Journal Journal of Biological Chemistry
Volume (Issue) 297(2)
Page(s) 100977 - 100977
Title of proceedings Journal of Biological Chemistry
DOI 10.1016/j.jbc.2021.100977

Open Access

URL http://doi.org/10.1016/j.jbc.2021.100977
Type of Open Access Publisher (Gold Open Access)

Abstract

Many eukaryotic cell-surface proteins are posttranslationally modified by a glycosylphosphatidylinositol (GPI) moiety that anchors them to the cell membrane. The biosynthesis of GPI anchors is initiated in the endoplasmic reticulum by transfer of GlcNAc from UDP-GlcNAc to phosphatidylinositol. This reaction is catalyzed by GPI GlcNAc transferase, a multisubunit complex comprising the catalytic subunit Gpi3/PIG-A as well as at least five other subunits, including the hydrophobic protein Gpi2, which is essential for the activity of the complex in yeast and mammals, but the function of which is not known. To investigate the role of Gpi2, we exploited Trypanosoma brucei (Tb), an early diverging eukaryote and important model organism that initially provided the first insights into GPI structure and biosynthesis.
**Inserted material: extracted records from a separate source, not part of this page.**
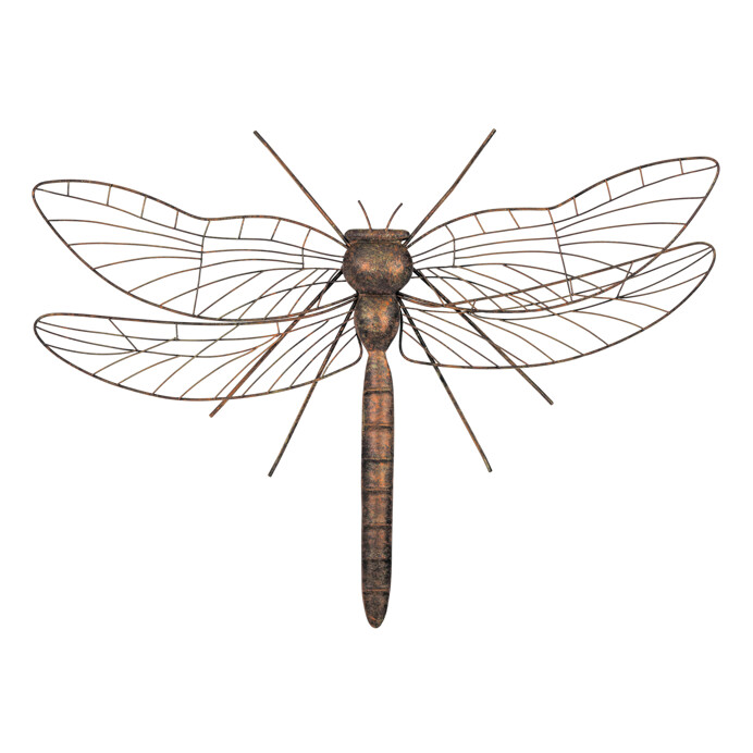 Kovová závěsná dekorace ve tvaru vážky v měděném odstínu přináší do interiéru nebo zahrady jemný industriální efekt. Detailní zpracování křídel tvořených tenkými kovovými drátky vytváří lehký a vzdušný vzhled, který působí přirozeně a zároveň dekorativně. Vážka je vybavena praktickým háčkem pro snadné zavěšení na stěnu či jiný vhodný povrch. Je vhodná pro oživení stěn v obývacím pokoji, chodbě nebo na terase, kde doplní atmosféru přírodních motivů.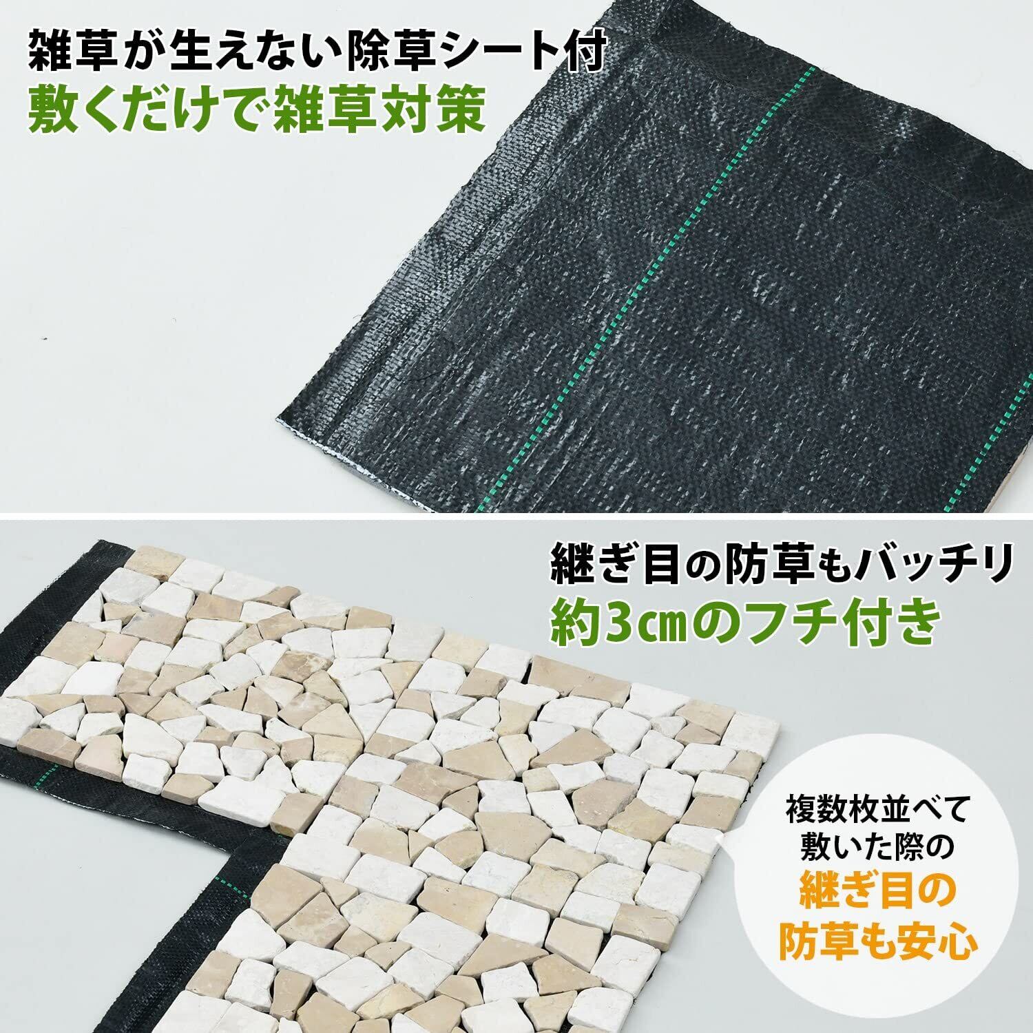 【除草シート付き】雑草が生えない除草シート付きのマットで簡単に防草対策。除草シートは天然石マットに対して約3㎝のフチ付きなので、複数枚並べて敷いた際の継ぎ目の防草もバッチリ。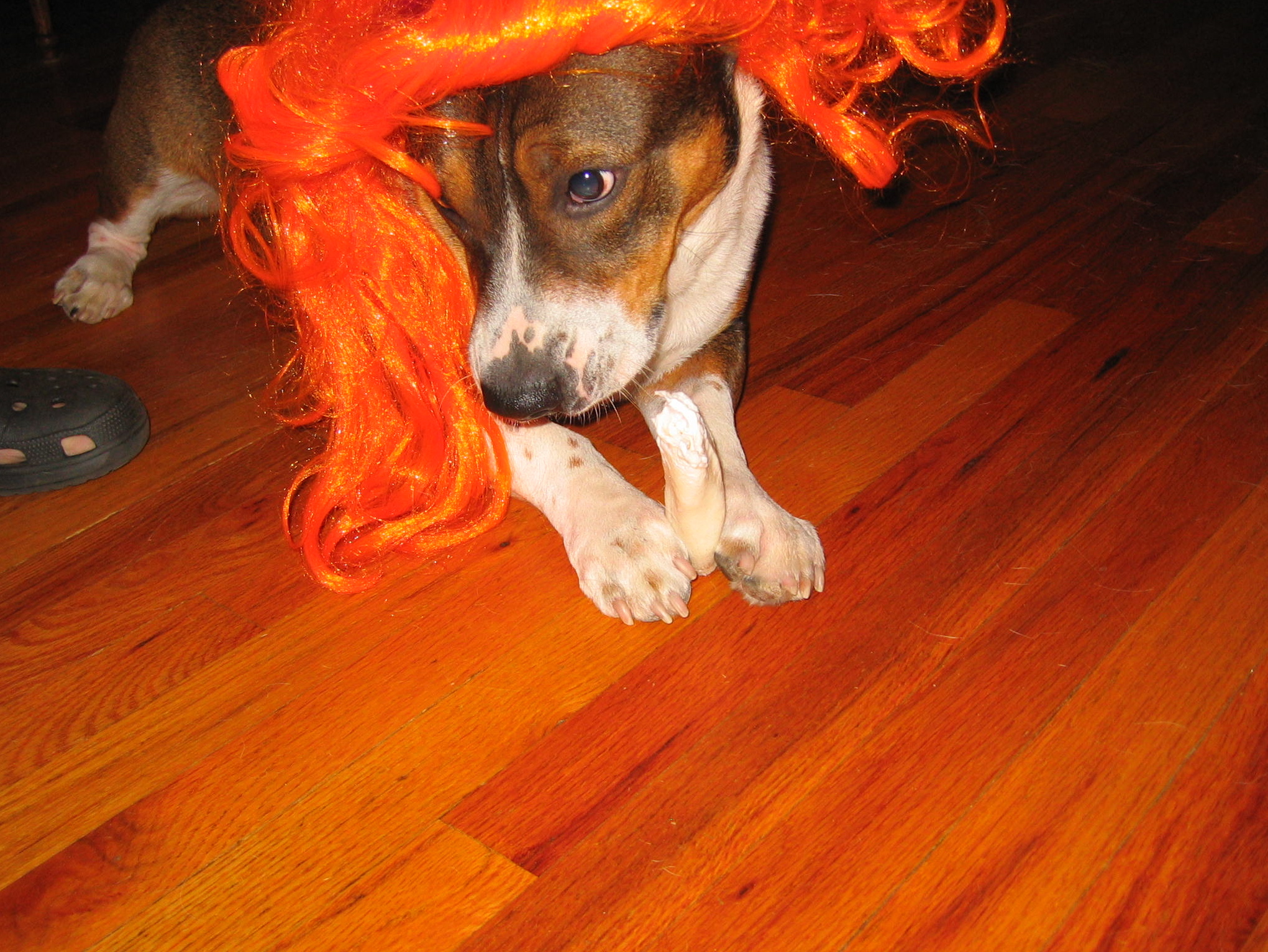 He’s was a flaming redhead for Halloween when he was about a year old.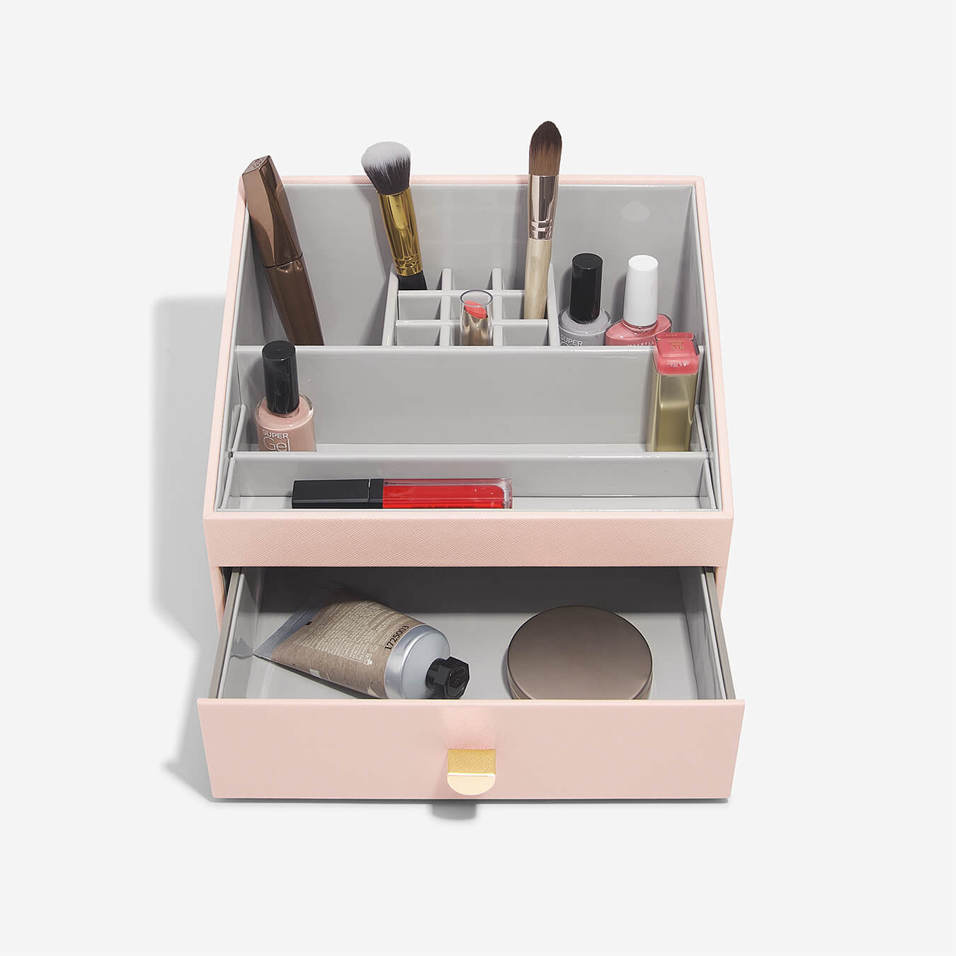 Introducing the Stackers Makeup Organiser, featuring an open caddy on top with multiple compartments to hold all your everyday makeup from brushes to foundation to lipsticks. There is also a pull-out drawer ideal for your larger palettes and makeup items.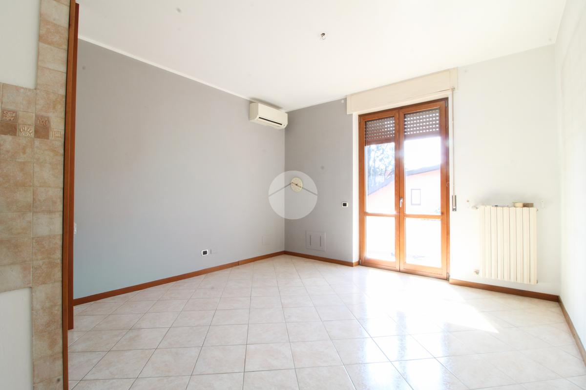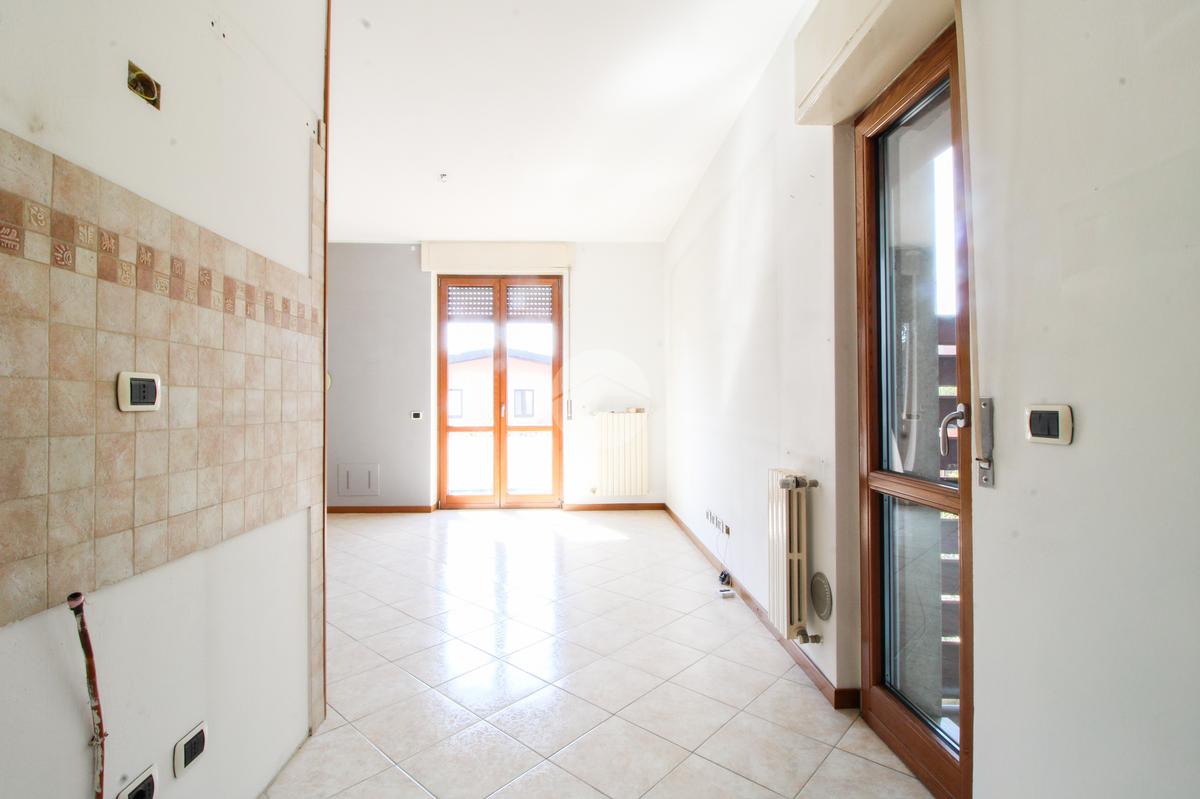 L'appartamento è composto da ingresso con ripostiglio in quota, luminoso soggiorno con balcone e con cucina a vista con balcone , camera matrimoniale, bagno finestrato con vasca. Completa la proprietà una cantina di pertinenza.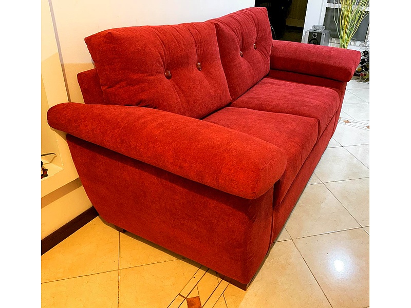 Sofá de dos plazas color rojo tapizado de puntos.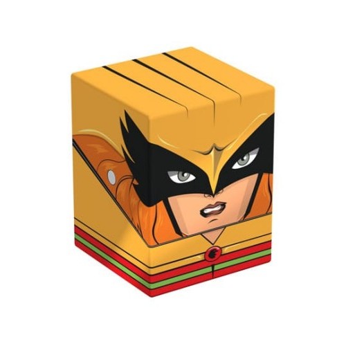 Collectible box for storing TCG decks, tabletop gaming accessories, and/or collectibles. The Hawkgirl™ Squaroe from the DC Justice League™ edition holds up to 100 cards in double protective sleeves if used as a deck box. Squaroes are made from 78% renewable recources.

We generated insect-stage (procyclic) trypanosomes that lack TbGPI2 and found that in TbGPI2-null parasites, (i) GPI GlcNAc transferase activity is reduced, but not lost, in contrast with yeast and human cells, (ii) the GPI GlcNAc transferase complex persists, but its architecture is affected, with loss of at least the TbGPI1 subunit, and (iii) the GPI anchors of procyclins, the major surface proteins, are underglycosylated when compared with their WT counterparts, indicating the importance of TbGPI2 for reactions that occur in the Golgi apparatus. Immunofluorescence microscopy localized TbGPI2 not only to the endoplasmic reticulum but also to the Golgi apparatus, suggesting that in addition to its expected function as a subunit of the GPI GlcNAc transferase complex, TbGPI2 may have an enigmatic noncanonical role in Golgi-localized GPI anchor modification in trypanosomes.